1. Women don’t need man any more. They’re often higher educated, invest more in themselves and have higher aspirations than the average male.

2. The obesity epidemic has greatly impacted the number of people that both sexes are actually, physically attracted to and want to date.

3. Women have always been the gate keepers for sex and online dating has created a “kid in a candy store” effect where they can literally order a hot guy like a pizza and have him show up at her door within 30 minutes. Much like pizza - its not always good, but there’s no need to sleep with an average schlub that they’re not attracted to. Not feeling like Italian tonight? Maybe they’ll try a different experience. Lol.
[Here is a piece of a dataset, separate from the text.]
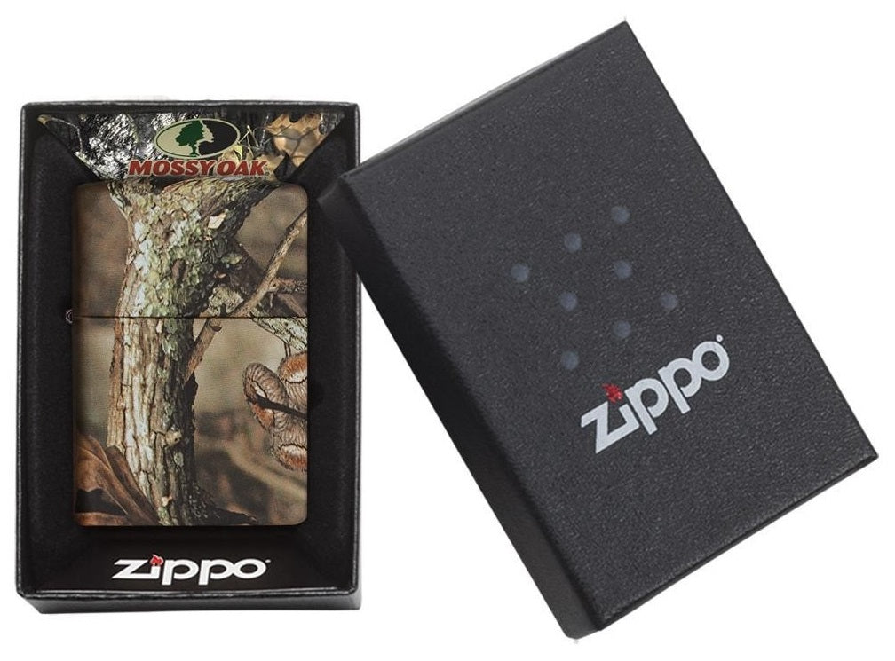 Ez a Mossy Oak® terepszínű öngyújtó egyedi Mossy Oak® dizájnnal rendelkezik az öngyújtó minden oldalán a teljes hatás érdekében. A minta minden öngyújtónál eltérő, lehet, hogy nem pontosan olyan, mint a képen. Díszdobozba csomagolva érkezik. Az optimális teljesítmény érdekében használja a Zippo prémium öngyújtó üzemanyaggal. Díszdobozba csomagolva érkezik. Az optimális teljesítmény érdekében töltse fel Zippo öngyújtó töltőfolyadékkal.

As a guy, I’ve thought about what I would do to approach today’s dating market if I were single. A couple ideas come to mind:

1. I’d invest in myself in the same way a lot of women do - lotsa time in the gym, improve my interpersonal skills, travel, work on my career and self growth etc. Basically, I’d have something to offer.

2. I wouldn’t participate in online dating. I’d talk to people and socialize wherever I went and meet someone face to face.

Anonymous
Just here and wondering why people on this thread, esp OP, seem to want to denigrate nursing as a career? Weird.

The nurses I know have lots of options and are paid really well.